Central African ministers have agreed to merge two regional blocs in a move to boost trade and integration. The 11-member Economic Community of Central African States (ECCAS) will join with the six-member Economic and Monetary Community of Central Africa (CEMAC).

The deal aims to eliminate rivalry that has helped to make central Africa the poorest region among Africa’s economic groups.

The Central African economy ministers who met in Cameroon say they want to foster regional integration, accelerate economic transformation and facilitate development by merging the two economic blocs by 2023.

Cameroon, the Central African Republic, Congo, Gabon, Equatorial Guinea and Chad are members of the Economic and Monetary Community of Central Africa, or CEMAC, while the Economic Community of Central African States, ECCAS, is made up of all CEMAC member states plus Angola, Burundi, the Democratic Republic of Congo, Rwanda and Sao Tome and Principe.

“The sub-region will be more integrated, more competitive, efficient and strong enough to compete with the other regions. We have some countries that are stronger in central Africa that could push the rest,” said Charles Assamba Ongodo who heads the unit of a pilot committee created to merge both groupings.

Ongodo further added that having one economic bloc instead of two will reduce administrative duplication and associated costs.

Both ECCAS and CEMAC were created to reduce inequality and poverty in central Africa. With ECCAS coming into existence in 1983 while CEMAC was created a decade later in 1999. Together, ECCAS and CEMAC constitute a market of a population of more than 240 million people and is the least integrated region in Africa, according to the African Union.

Moise Taboue, one of the pilot committee’s consultants, says the effects of Russia’s ongoing war in Ukraine underscore the need for central Africa to merge its two economic structures and focus on its development.

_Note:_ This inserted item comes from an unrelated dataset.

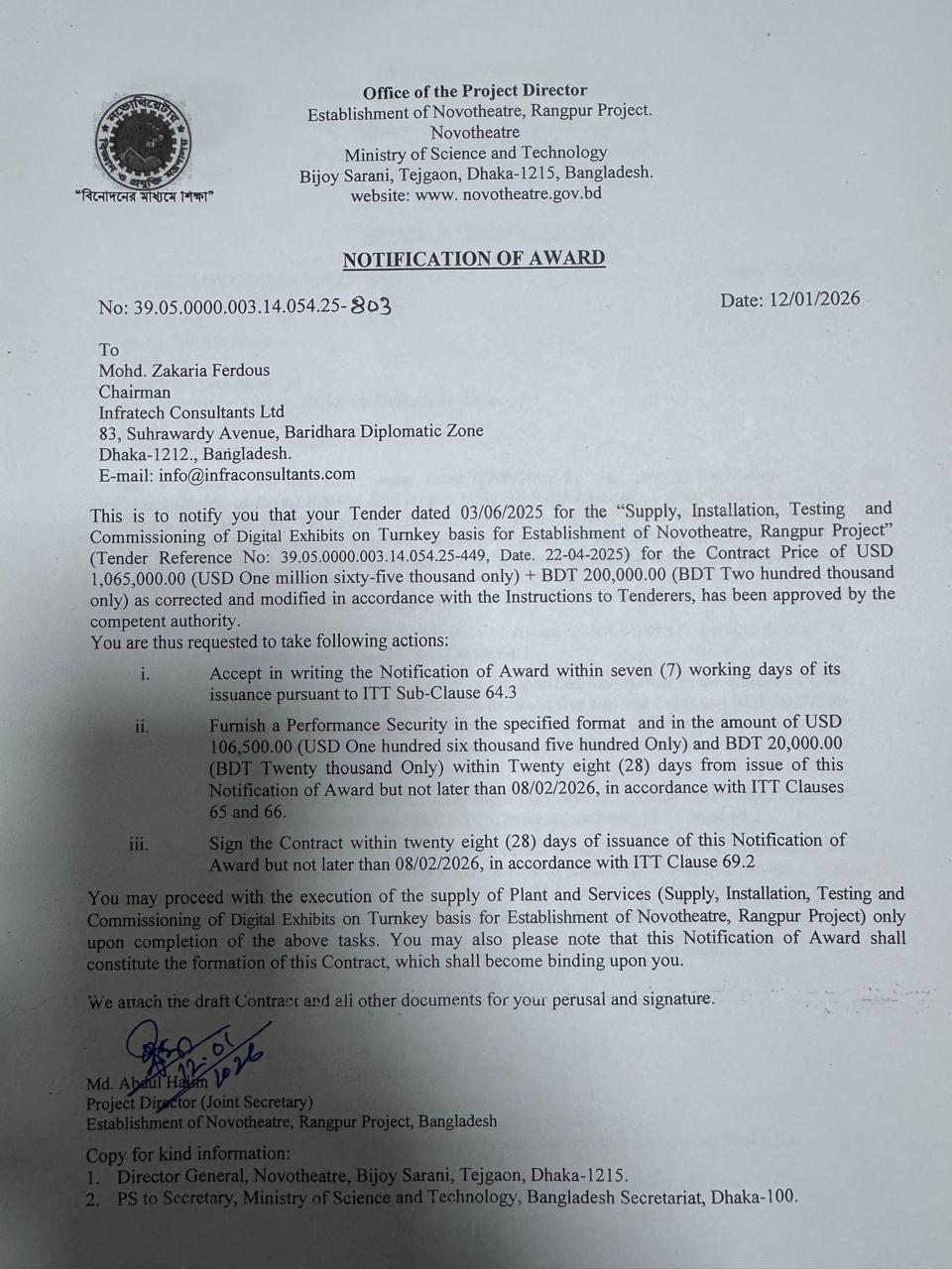 “Supply, Installation, Testing and Commissioning of Digital Exhibits on Turnkey basis for Establishment of Novotheatre, Rangpur Project” |

Taboue said central African states produce about 5% of pharmaceutical products they need and spend $269 million to import pharmaceutical products from Europe each year despite their huge potential. He further added that the over-dependency of central African states on imports is responsible for hardships among civilians caused by scarcity and spiraling food and commodity prices since Russia launched its war in Ukraine in February of this year.

Cross-border business among central African states is estimated at less than 5% against a continental average of about 20 percent. The region still lags behind in matters land, air and sea infrastructure which are required for full integration.